Schedule H, which became fully effective August 1, 1989, requires the reporting of price and volume information for principal transactions in non-NASDAQ securities whenever a member exceeds the minimum daily thresholds of 50,000 shares or $10,000, on either side, in a given non-NASDAQ security. All non-NASDAQ equity securities, including foreign securities, are subject to the requirements of Schedule H. Since its effectiveness, questions have been raised regarding the applicability of the Schedule to foreign securities and certain foreign securities transactions. The NASD has decided to publish the following guidelines to clarify the requirements and to assist members in complying with the Schedule.

1. Schedule H applies only to principal transactions effected by NASD members.
2. The term "non-NASDAQ security" includes all foreign equity securities, American Depositary Receipts, or shares traded in the U.S. other than on NASDAQ or on a national securities exchange. Foreign exchanges are not "national securities exchanges," as that term is used in the Schedule H definition of non-NASDAQ security. Therefore, the fact that a foreign security is also traded on a foreign exchange does not, per se, exclude all transactions in that security from the Schedule's coverage.
3. Schedule H is applicable to transactions in foreign securities executed in the U.S., regardless of the country where clearance and settlement occur.
4. Schedule H is not applicable to any transaction involving a foreign security that is executed outside the U.S. and cleared and settled in the U.S. if the transaction is reportable, and is reported, to a foreign regulatory securities authority (e.g., The Securities Association in the United Kingdom).
5. Schedule H is not applicable to transactions in foreign securities executed on and reported to a foreign securities exchange (e.g., the International Stock Exchange, the Tokyo Stock Exchange, Toronto Stock Exchange, Stock Exchange of Singapore, Hong Kong Stock Exchange, etc.).
6. The type of currency in which the trade is effected or in which the trade settles has no bearing on whether the trade is reportable under Schedule H.
7. All trades reported under Schedule H must be reported in U.S. dollars.

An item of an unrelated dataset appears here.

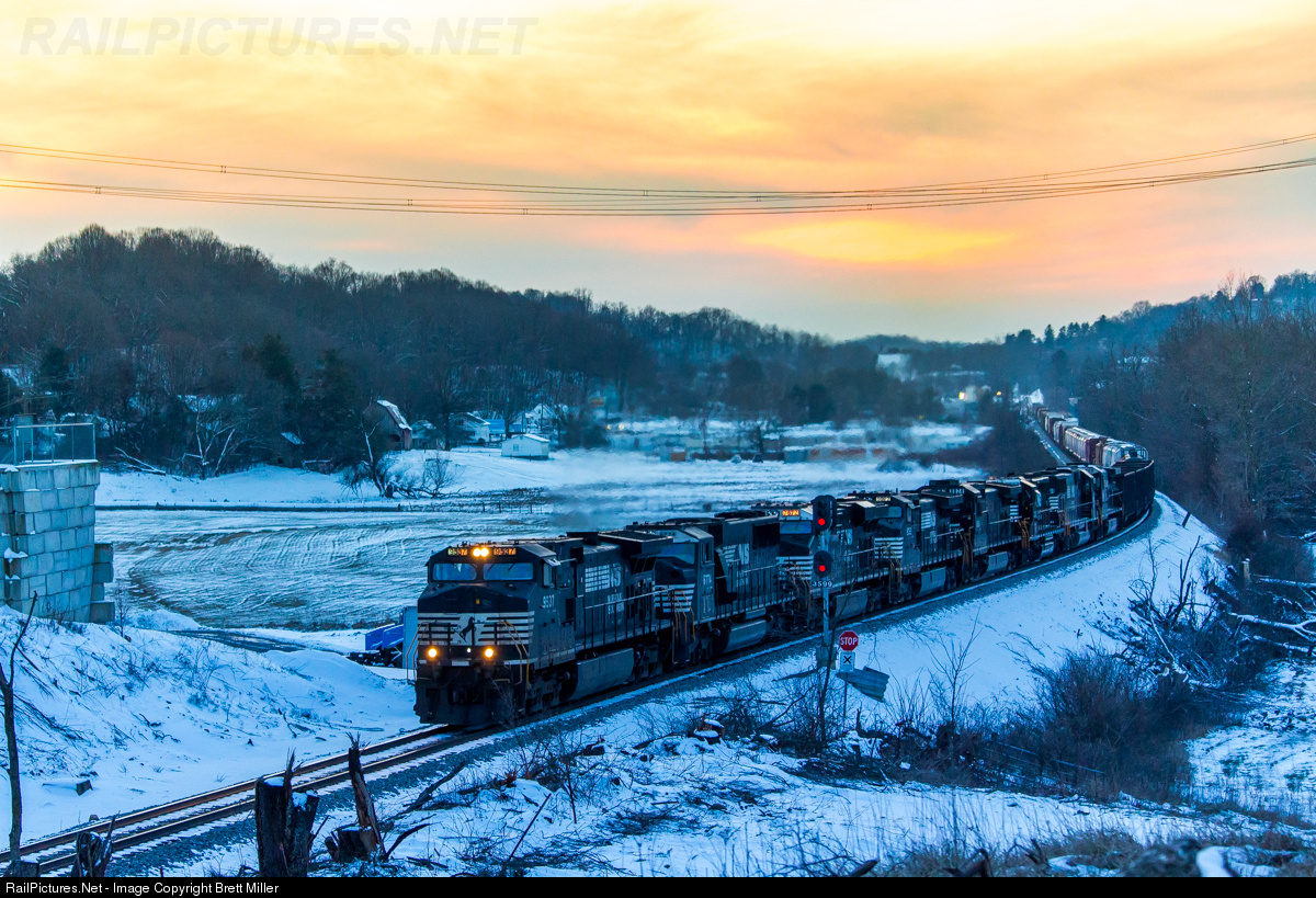 As the sun sets in the west and drops below the horizon the light fades to blue just in time for the eastbound 38Q. Here, eight thoroughbreds pull the train up the grade and by the signal at Mt. Carmel and continue east on a crisp winter night.

The method employed for currency conversion will be left to the NASD member.
8. The time a trade is effected, whether during or outside U.S. market hours, has no bearing on whether the trade is reportable under Schedule H.

The NASD is also clarifying the general application of the requirement in the following circumstances.

1. Schedule H does not apply to transactions in "restricted securities" as defined in Rule 144(a)(3) of the Securities Act of 1933, including transactions made pursuant to Rule 144A.
2. Schedule H does not apply to bonds, including convertible bonds.
3. Schedule H does not apply to "junk bonds" with rights attached or any combination of securities of which a debt instrument is an integral part. Schedule H will apply to transactions in the equity components when they become detached and trade separately.
4. Schedule H does apply to preferred stock, rights, and warrants.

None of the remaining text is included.